● **WHAT THIS TASK INVOLVES**
In the listing below, the lines starting at the line with "In the below" and ending at the line with "为了伴靓我市商业步行街,给市" are to be output verbatim. Images stay out of the copy.

● **THE DATA**
Segment Open

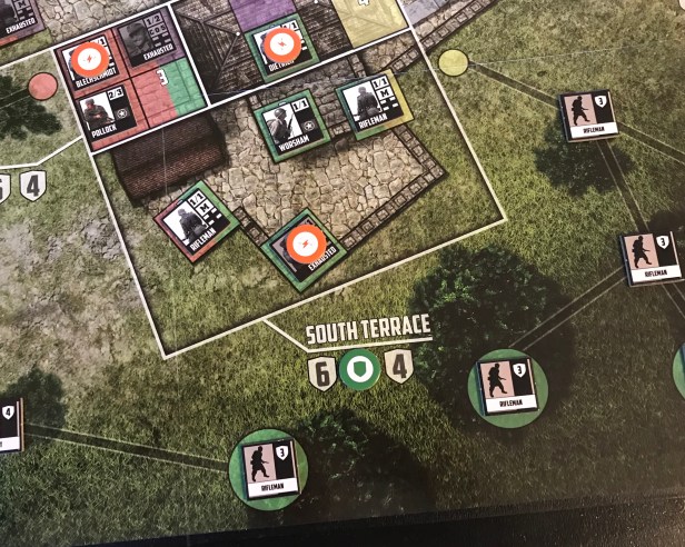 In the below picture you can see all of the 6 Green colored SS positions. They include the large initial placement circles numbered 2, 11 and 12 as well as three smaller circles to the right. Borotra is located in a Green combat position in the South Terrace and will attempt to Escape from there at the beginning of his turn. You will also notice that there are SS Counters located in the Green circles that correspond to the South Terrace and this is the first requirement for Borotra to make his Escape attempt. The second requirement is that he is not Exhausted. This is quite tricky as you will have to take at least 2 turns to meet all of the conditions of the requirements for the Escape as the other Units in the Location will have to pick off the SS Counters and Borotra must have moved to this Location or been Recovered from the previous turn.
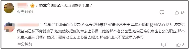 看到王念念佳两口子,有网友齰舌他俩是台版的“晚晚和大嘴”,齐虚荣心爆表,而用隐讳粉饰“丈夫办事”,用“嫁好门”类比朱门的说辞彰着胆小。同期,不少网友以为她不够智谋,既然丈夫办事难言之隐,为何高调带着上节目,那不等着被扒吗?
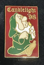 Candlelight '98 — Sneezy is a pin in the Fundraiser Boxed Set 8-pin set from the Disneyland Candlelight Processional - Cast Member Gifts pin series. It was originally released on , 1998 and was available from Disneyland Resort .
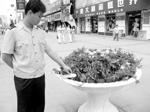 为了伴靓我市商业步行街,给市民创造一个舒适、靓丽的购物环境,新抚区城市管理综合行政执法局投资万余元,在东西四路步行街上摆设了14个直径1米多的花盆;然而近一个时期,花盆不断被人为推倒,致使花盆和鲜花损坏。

Segment Closed
Segment Open

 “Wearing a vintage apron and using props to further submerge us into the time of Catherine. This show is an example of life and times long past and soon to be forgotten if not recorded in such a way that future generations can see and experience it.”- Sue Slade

Segment Closed

● **EXERCISE OUTPUT**
 In the below picture you can see all of the 6 Green colored SS positions. They include the large initial placement circles numbered 2, 11 and 12 as well as three smaller circles to the right. Borotra is located in a Green combat position in the South Terrace and will attempt to Escape from there at the beginning of his turn. You will also notice that there are SS Counters located in the Green circles that correspond to the South Terrace and this is the first requirement for Borotra to make his Escape attempt. The second requirement is that he is not Exhausted. This is quite tricky as you will have to take at least 2 turns to meet all of the conditions of the requirements for the Escape as the other Units in the Location will have to pick off the SS Counters and Borotra must have moved to this Location or been Recovered from the previous turn.
 看到王念念佳两口子,有网友齰舌他俩是台版的“晚晚和大嘴”,齐虚荣心爆表,而用隐讳粉饰“丈夫办事”,用“嫁好门”类比朱门的说辞彰着胆小。同期,不少网友以为她不够智谋,既然丈夫办事难言之隐,为何高调带着上节目,那不等着被扒吗?
 Candlelight '98 — Sneezy is a pin in the Fundraiser Boxed Set 8-pin set from the Disneyland Candlelight Processional - Cast Member Gifts pin series. It was originally released on , 1998 and was available from Disneyland Resort .
 为了伴靓我市商业步行街,给市民创造一个舒适、靓丽的购物环境,新抚区城市管理综合行政执法局投资万余元,在东西四路步行街上摆设了14个直径1米多的花盆;然而近一个时期,花盆不断被人为推倒,致使花盆和鲜花损坏。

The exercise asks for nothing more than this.